Juego atacando con desesperación. Intento vestir de azul mi mente nublada, buscar atardeceres en madrugadas que pasan despacio.
Pago la desesperación con aquellos poetas que me obligan a coger el diccionario ante un verso de los que desconozco el significado pese a que juegan a ser populares. Añoro la simpleza, las puñaladas en pocas sílabas y medito. Puede que al vocabulario le falten páginas o que ellos jueguen al escondite de las palabras.
Yo siempre creí en el don del lenguaje, en la posibilidad de ser comprendido por la mayoría con la ayuda de un gesto, quizás la fuerza de las miradas, en viajar sin temer idiomas ni dialectos.
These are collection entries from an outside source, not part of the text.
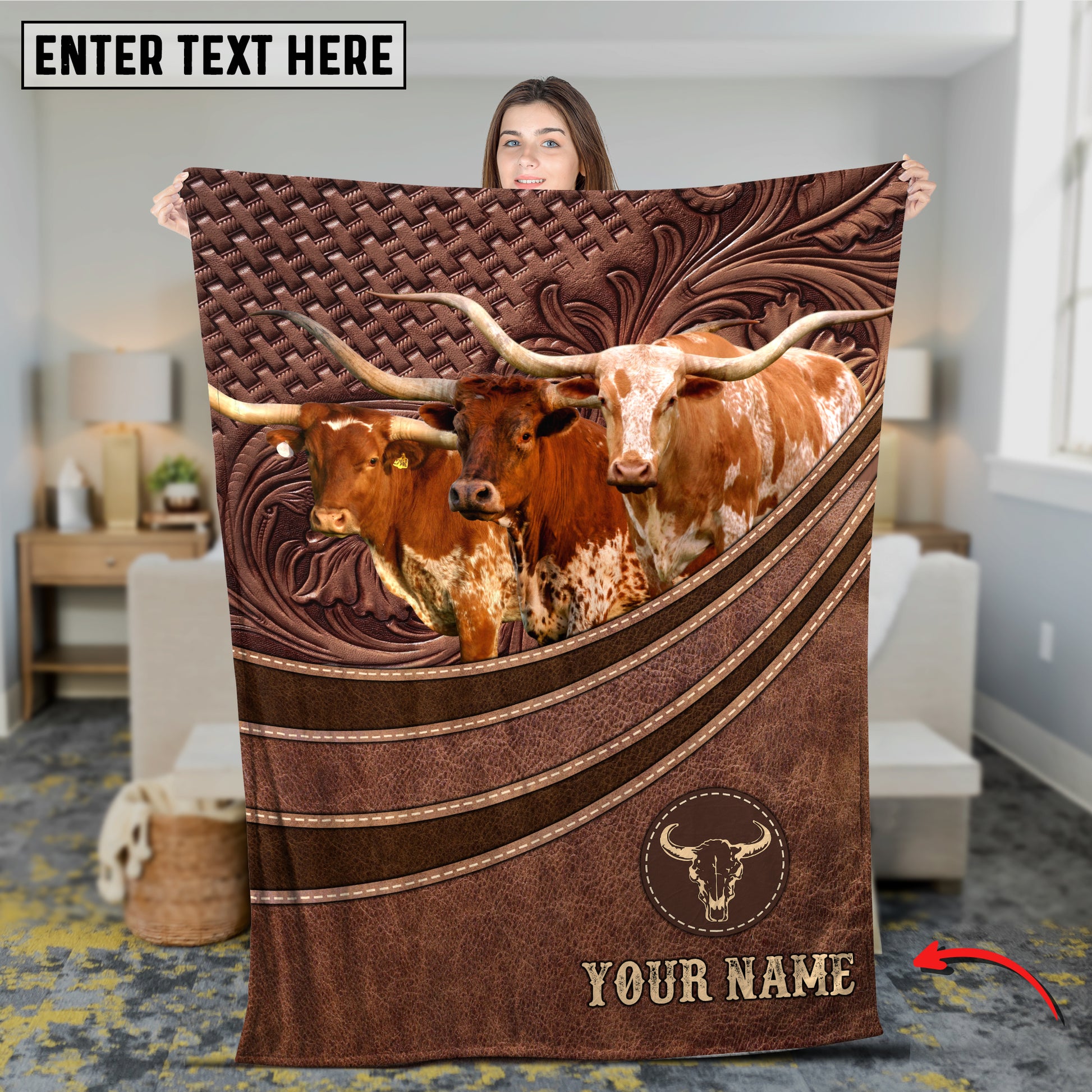 Joycorners Texas Longhorn Brown Carving Leather Pattern 3D Blanket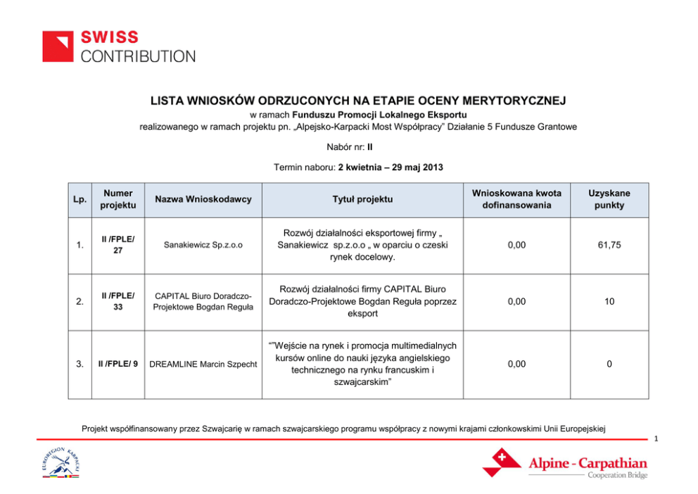 LISTA WNIOSKÓW ODRZUCONYCH NA ETAPIE OCENY MERYTORYCZNEJ w ramach Funduszu Promocji Lokalnego Eksportu realizowanego w ramach projektu pn. „Alpejsko-Karpacki Most Współpracy” Działanie 5 Fundusze Grantowe Nabór nr: II Termin naboru: 2 kwietnia – 29 maj 2013 Lp. Numer projektu Nazwa Wnioskodawcy Tytuł projektu Wnioskowana kwota dofinansowania Uzyskane punkty 1. II /FPLE/ 27 Sanakiewicz Sp.z.o.o Rozwój działalności eksportowej firmy „ Sanakiewicz sp.z.o.o „ w oparciu o czeski rynek docelowy. 0,00 61,75 2. II /FPLE/ 33 CAPITAL Biuro DoradczoProjektowe Bogdan Reguła Rozwój działalności firmy CAPITAL Biuro Doradczo-Projektowe Bogdan Reguła poprzez eksport 0,00 10 DREAMLINE Marcin Szpecht “”Wejście na rynek i promocja multimedialnych kursów online do nauki języka angielskiego technicznego na rynku francuskim i szwajcarskim” 0,00 0 3. II /FPLE/ 9 Projekt współfinansowany przez Szwajcarię w ramach szwajcarskiego programu współpracy z nowymi krajami członkowskimi Unii Europejskiej 1 4. 5. II /FPLE/ 13 II /FPLE/ 37 Przedsiębiorstwo Wielobranżowe ”DREMEX „Sp.z.o.o Usprawnienie procesu produkcji towarów eksportowych Przedsiębiorstwa Wielobranżowego DREMEX Sp.z.o.o 0,00 0 WEINART Dystrybucja Piotr Nowak Nawiązanie współpracy z Ukrainą poprzez eksport wina, napojów bezalkoholowych oraz półproduktów niezbędnych przy ich produkcji przy pomocy zakupionego środka transportu oraz skorzystania z doradztwa. 0,00 0 Łączna kwota dofinansowania: 0,00 PLN Projekt współfinansowany przez Szwajcarię w ramach szwajcarskiego programu współpracy z nowymi krajami członkowskimi Unii Europejskiej 2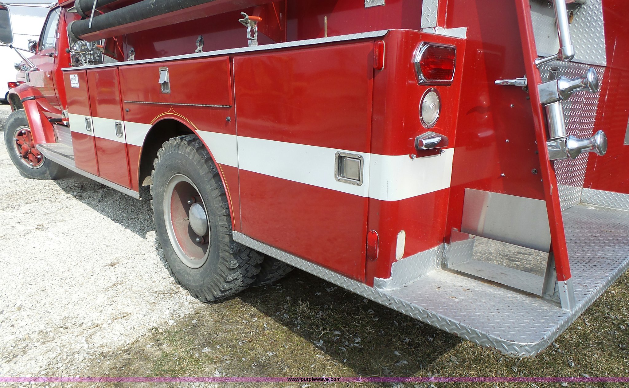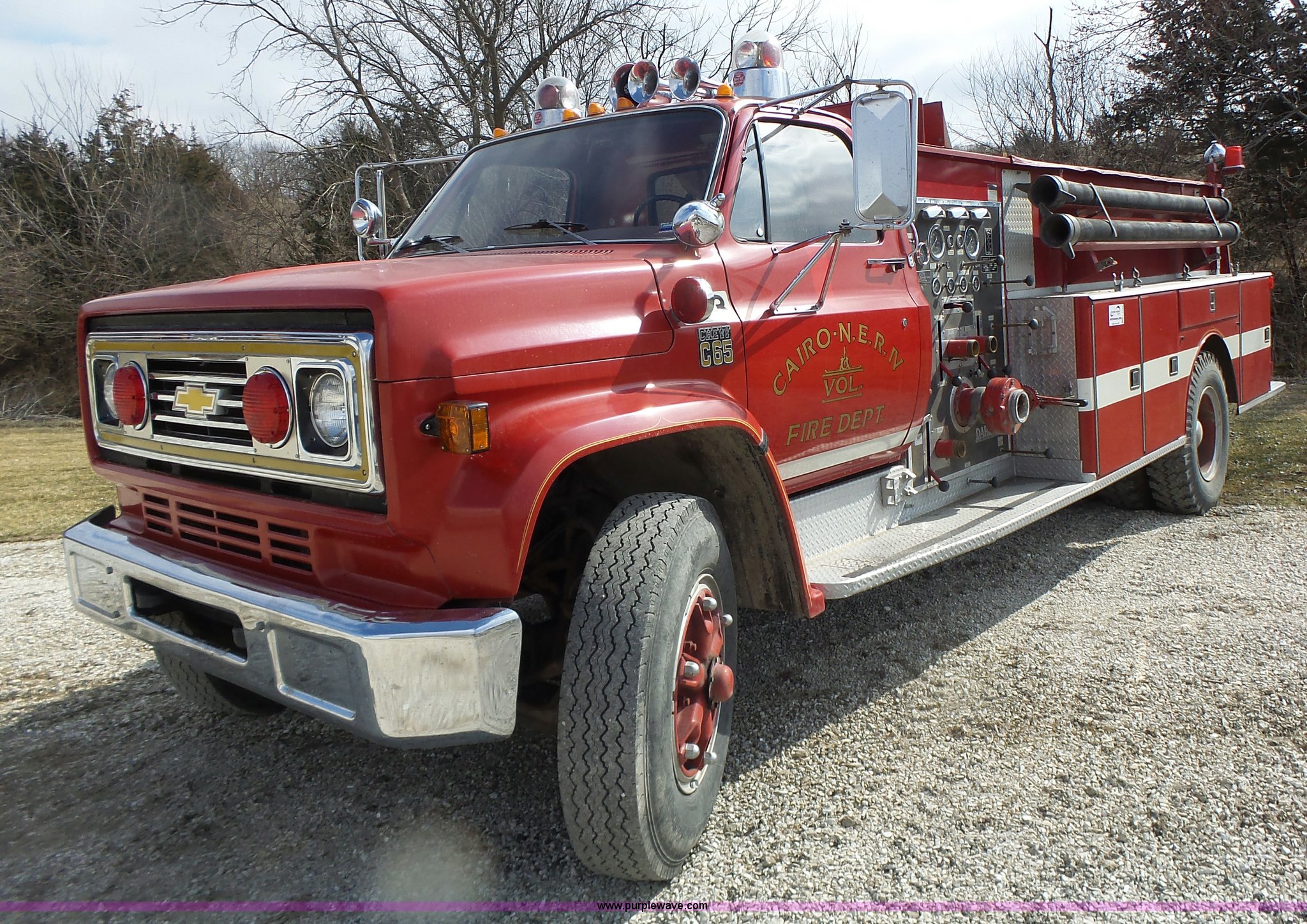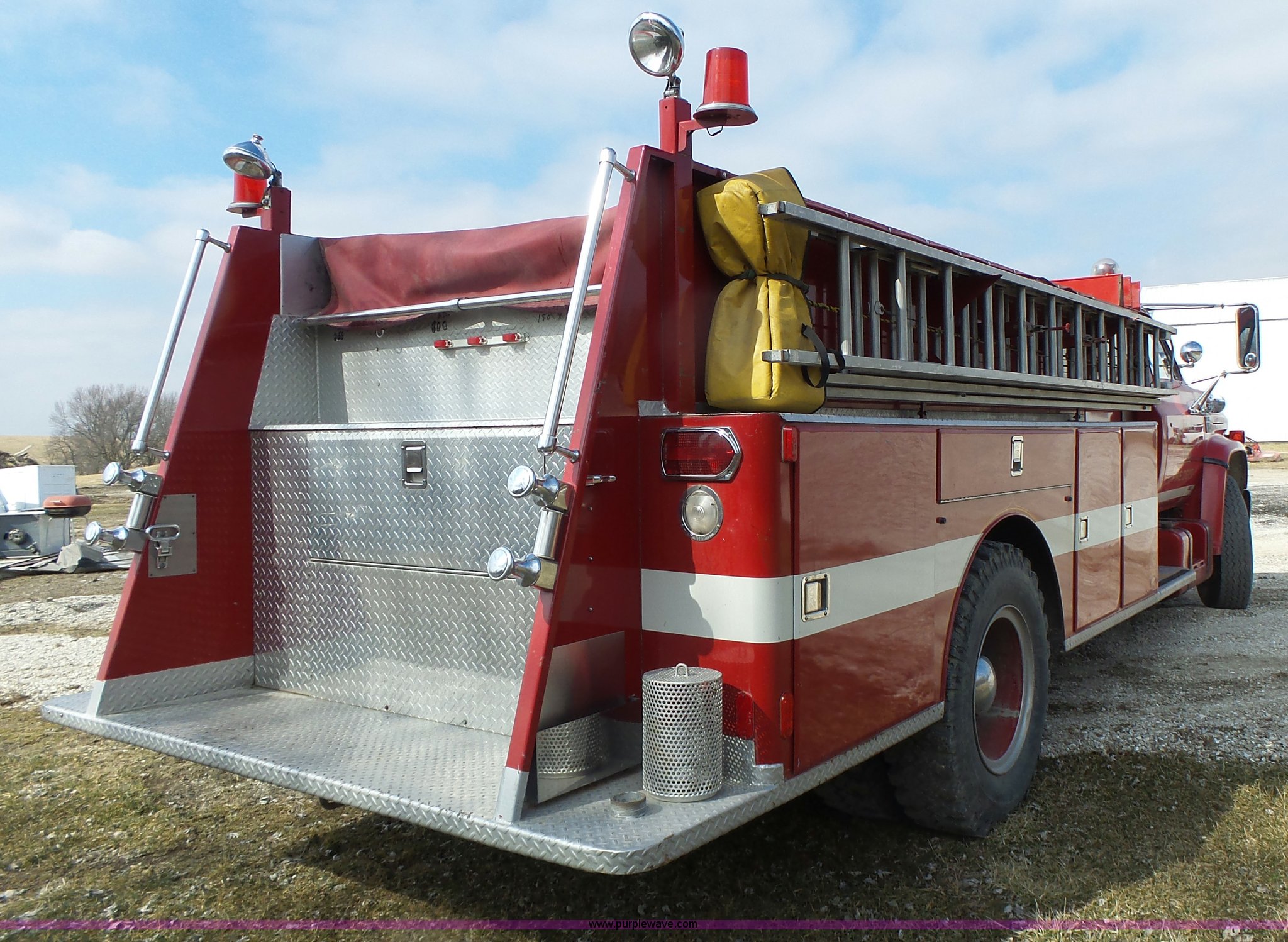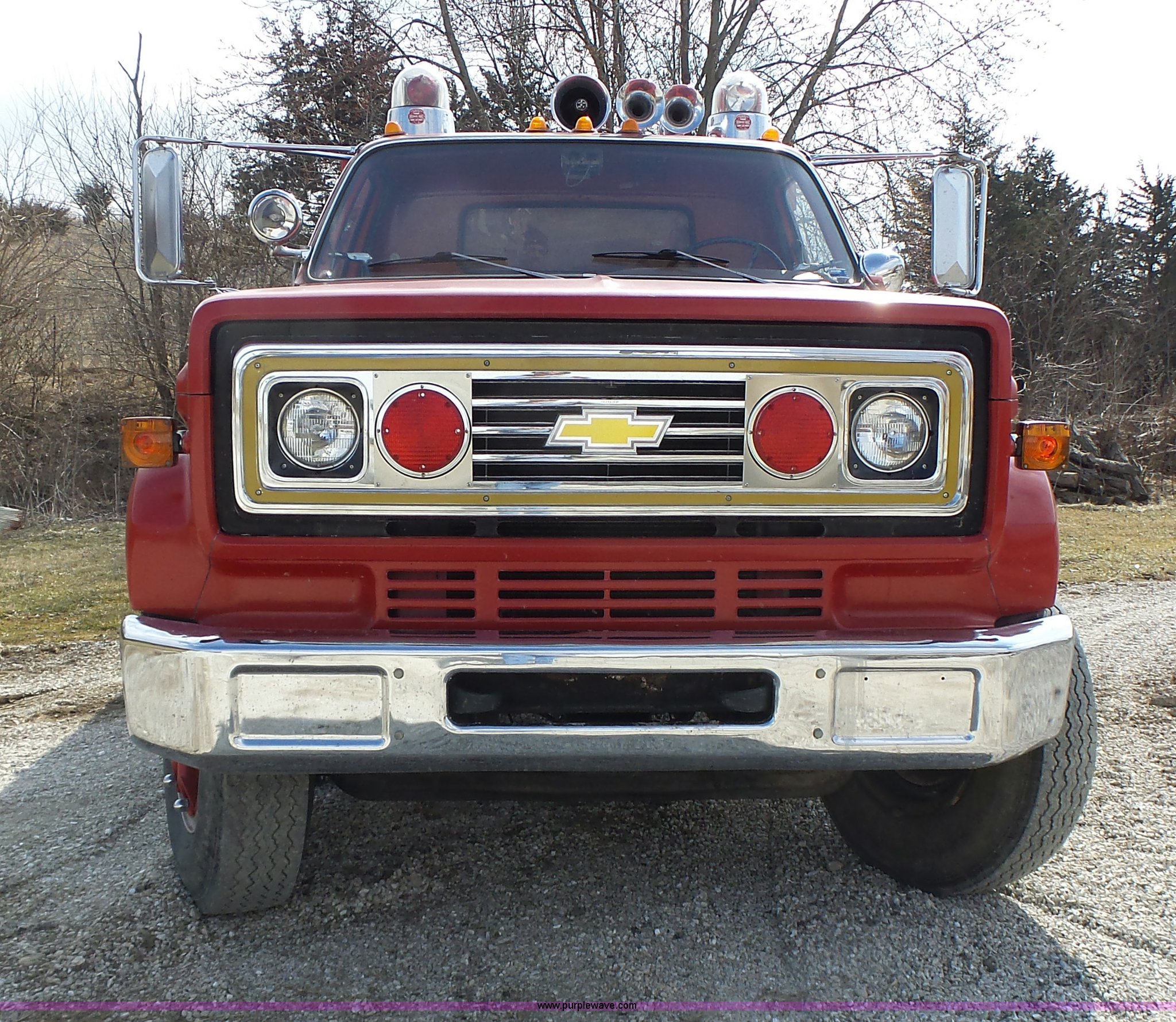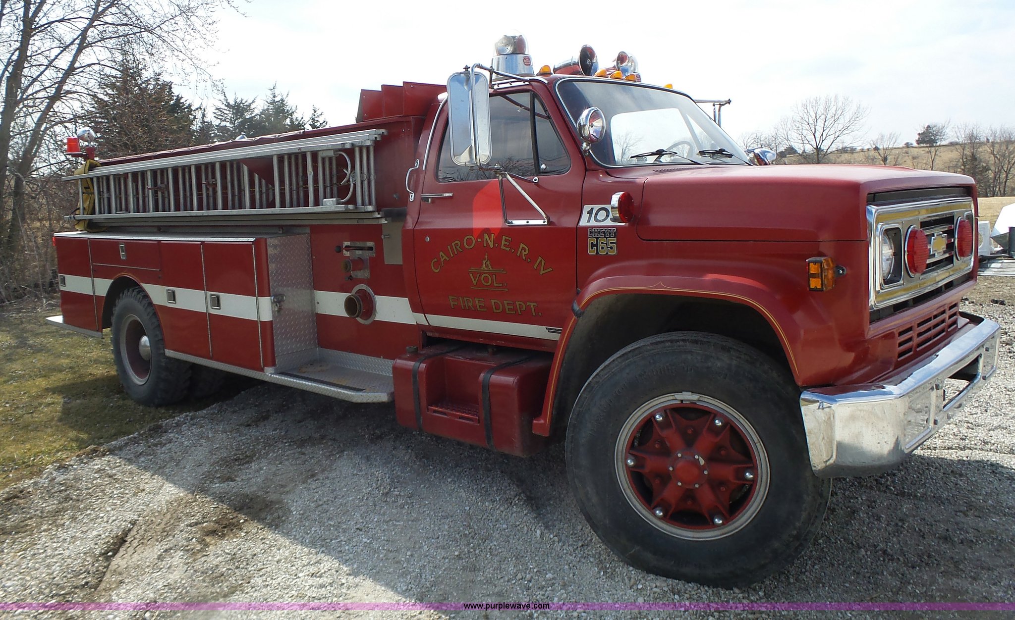 Purple Wave is selling a used Fire Truck or Emergency Vehicle in Missouri. This item is a 1975 Chevrolet C65 fire truck with the following: 21,337 miles on odometer, Eight cylinder gas engine, Five speed manual transmission, Two speed rear end, Single axle, Heat, Suspension seat, Champion 81289 platform, 750 gpm pump, Water gun, Work lights, Hose, Ladder, 10.00-20 tires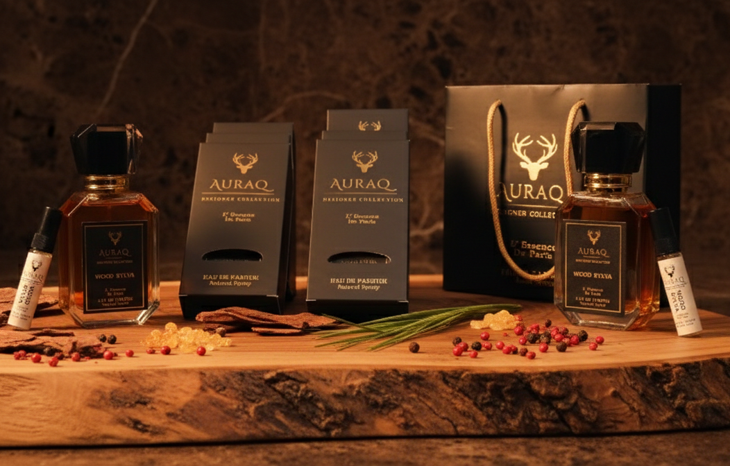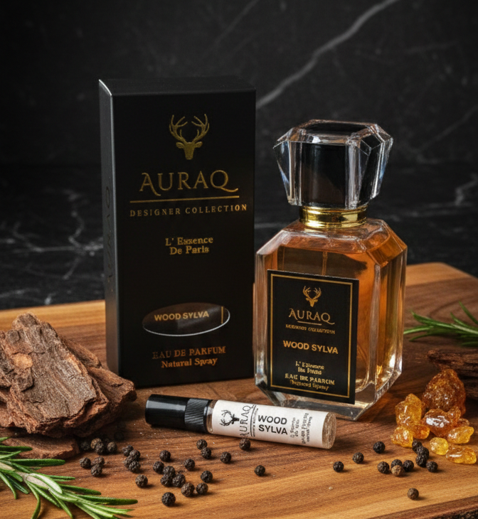 Discover Auraq Wood Sylva, A powerful, deep woody perfume for men by Auraq Designer Collection. Featuring Oud, Cedarwood, and Pink Pepper, Wood Sylva is the ultimate masculine signature. Shop the L’ Essence de Paris collection.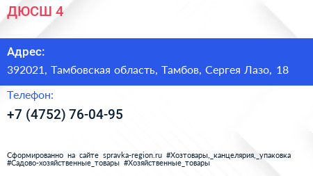 ДЮСШ №4 по адресу 392021, Тамбовская область, Тамбов, Сергея Лазо, 18 в дальнейшем Организация, размещена в следующих категориях: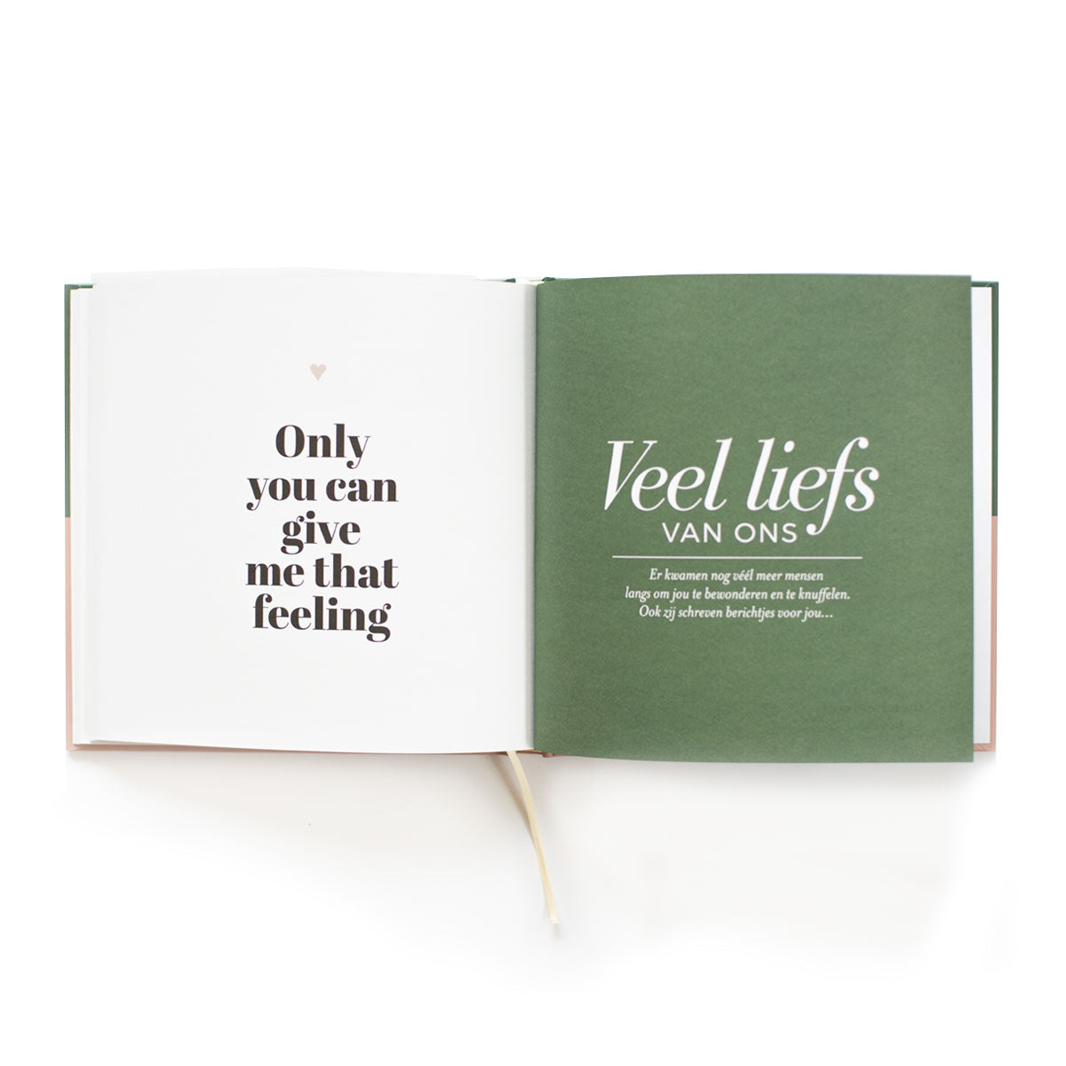 Het wordt een boek vol mooie herinneringen, gelukswensen en foto's van de eerste kennismaking.
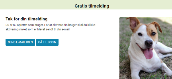 Du får derefter besked om der er sendt en aktiveringse-mail.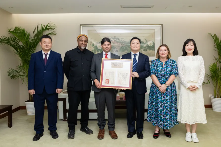 The Morning Star hands over the historic letter to Xinhua Daily. L-R: Yang Zhihui, Roger McKenzie, Ben Chacko, Chen Renyun, Bernadette Keaveney, Shen Zhengrong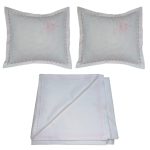 Set lenjerie pentru un pat matrimonial, din bumbac satinat, cu broderie, detalii si finisaje decorative.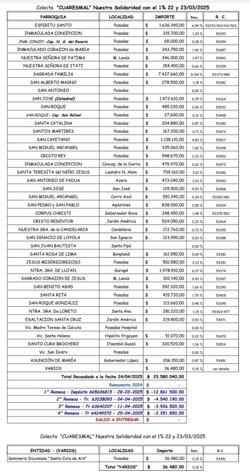 Esta colecta, administrada por Cáritas Diocesana, alcanzó este año una cifra cercana a los 24 millones de pesos. “La parroquia Sagrada Familia fue la que más aportó, con más de 7 millones de pesos. También se destacaron Espíritu Santo (1,6 millones), Nuestra Señora de Luján de Garupá (1,5 millones) y la Catedral (1,4 millones)”, enumeró el obispo. Asimismo, mencionó que las parroquias de San Antonio (Posadas) y San Juan Bautista (Santo Pipó) no registraron aportes este año.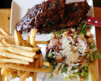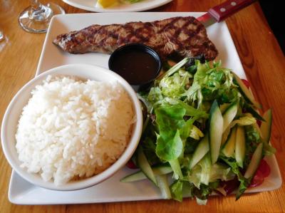 8oz Steak Platter($26.50)は今回の旅行で一番美味なステーキで、お米も美味しい。Back of Ribs($30)も美味しかったとのこと。Grilled Avocadoの1個が硬くて食べられないと苦情を言ったら、半額にしてくれて良心的。スタッフは感じが良いし、中の雰囲気も良い。お薦め。- 旅行時期

Llegó entonces el tiempo de mirarse al espejo bajo un calor que no impide nuestro roce y entonces llega el fugaz impacto. Eso que acabas de sentir no es fruto de tu mejor recuerdo, ni el paso de un cometa a plena luz del día, ni el viento dejando espacio para el aliento que emana de un suspiro.
Cierra los ojos, toma aire y siente. Sí, es magia, el otoño acaba de llegar a tu vida y estará en ella durante 89 días y 20 horas.

Eso lo entendiste sin ir a la biblioteca, sin tener que dar rodeos a cada palabra.

Ya lo dijo Saramago: "El hombre más sabio que he conocido en toda mi vida no sabía leer ni escribir".